11. The synthesizing means includes at least one of means for recognizing certainty of linguistic information associated with articulatory movement, and means for recognizing certainty of linguistic information input from a source other than articulatory movement. Linguistic information obtained from the movement of the articulator, depending on one or both confidence factors,
11. The linguistic information detecting device according to claim 9, wherein linguistic information input from other than the movement of the articulator is synthesized.

12. The language according to claim 10, wherein the means for recognizing the certainty factor of the linguistic information input from a source other than the movement of the articulator includes a means for recognizing whether the utterance is sound or silence. Information detection device.

13. The linguistic information detecting apparatus according to claim 7, wherein said articulator organ shape input means includes means for inputting a shape of a skin.

14. The linguistic information detecting device according to claim 13, wherein the means for inputting the shape of the outer skin includes means for inputting an image of the outer skin.

15. The linguistic information detecting device according to claim 7, wherein the association recognizing unit, the linguistic information input unit, and the linguistic information acquiring unit include a neural network.

16. The linguistic information detecting device according to claim 15, wherein said association recognizing means performs learning of a neural network.

17. The linguistic information detecting apparatus according to claim 7, further comprising means for recording the movement of the articulator during speech and information input from a source other than the movement of the articulator.

18. The language according to claim 17, wherein the correspondence is recorded and updated at any time or based on an instruction based on movement of the articulator during speech and information input from other than movement of the articulator. Information detection device.

19. A system comprising: means for calculating the certainty factor of the movement of the articulator during speech; and means for calculating the certainty factor of the information input from other than the movement of the articulator. 19. The language information detecting device according to claim 18, further comprising means for controlling recording and updating in accordance with the language information.

20. Means for calculating the certainty of the movement of the articulator during speech, and means for calculating the certainty of information input from other than the movement of the articulator, wherein one of the inputted certainties is determined. If the value is equal to or less than a predetermined value, a detection result is output based on the other input and the other characteristic corresponding to the input, and when both confidences are equal to or more than a predetermined value,
19. The linguistic information detection device according to claim 7, wherein the linguistic information detection device outputs a detection result at the same time as updating the correspondence according to the obtained certainty factors.

21. In the case of performing voice recognition, a recognition result based on the motion information of the articulator, a result of recognizing information input from a source other than the motion of the articulator, or a result of selecting or synthesizing the information is used. 21. The language information detecting device according to claim 7, further comprising means for presenting to a person.

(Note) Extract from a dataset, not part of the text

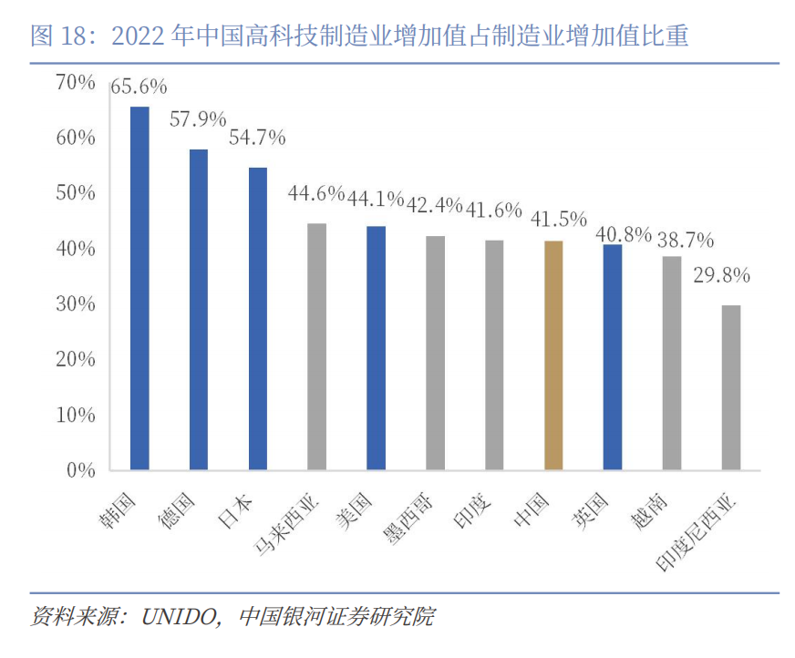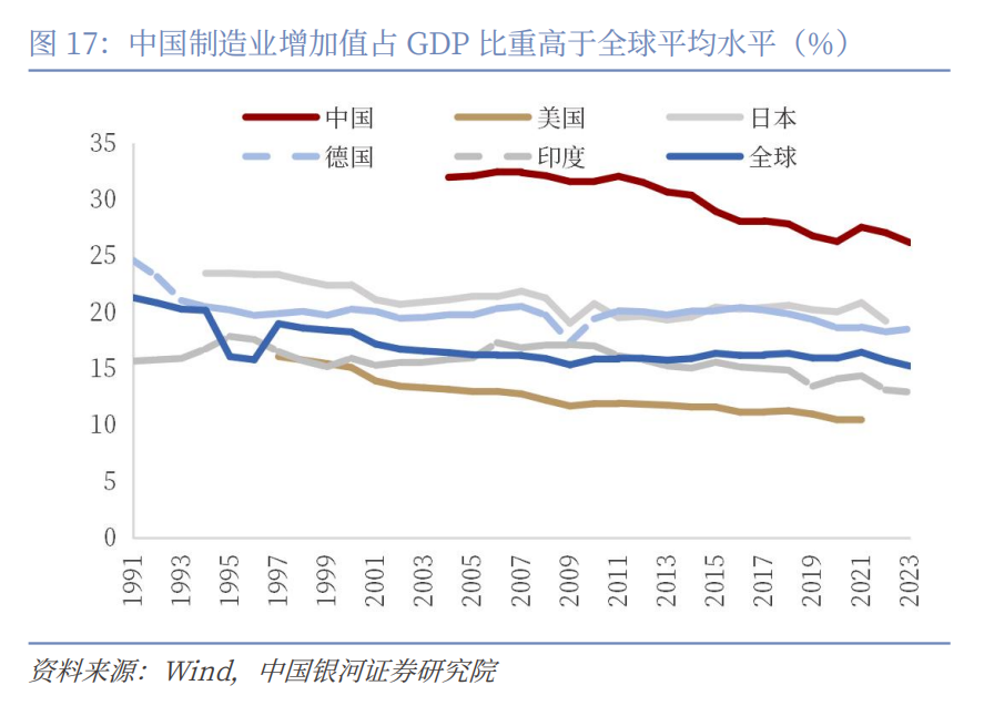 必须保持制造业合理比重,为中国式现代化提供基础性、全方位支撑。制造业是国民经济的重要支柱,是一个国家实现现代化和成为经济强国的基础。二十届三中全会《决定》,强调要“建立保持制造业合理比重投入机制,合理降低制造业综合成本和税费负担。”2025年5月19日,习近平总书记在河南洛阳调研时强调,推进中国式现代化必须保持制造业合理比重。一方面,我国制造业增加值占GDP比重处于下行趋势。世界银行数据显示,我国制造业增加值自2010年首次超过美国,2022年占全世界比重达到30.2%,稳居世界首位。从国际经验来看,随着各国进入后工业化社会,制造业占比下降是普遍规律。全球制造业增加值占GDP比重从1980年的24.58%下降至2023年的15.24%。德国、日本制造业增加值在GDP中的占比长期在18%以上,制造业一直是其参与国际竞争的“杀手锏”。中国该占比在主要大国中处于最高水平,但近年也处于下行趋势,2006年为32.45%,2023年下行至26.18%。另一方面,我国制造业在全球产业分工中总体上仍处于价值链中低端。2022年,我国高科技制造业增加值占制造业增加值比重为41.5%,低于德国、日本等科技强国,也低于马来西亚、墨西哥、印度等发展中国家。“十五五”时期将坚持走高质量发展之路,着眼强国建设、民族复兴伟业,紧紧围绕中国式现代化,统筹发展与安全,保持制造业合理比重,把因地制宜发展新质生产力摆在更加突出的战略位置,加快建设现代化产业体系。

22. A method according to claim 1, further comprising: inputting information other than the articulator movement associated with the articulator movement, and the articulator movement during speech. A medium that records the correspondence of

23. The linguistic information associating device according to claim 1, 3, 3 or 4, the linguistic information estimating device according to claim 5, the articulator movement estimating device according to claim 6, or A telephone device comprising the language information detecting device according to claim 7.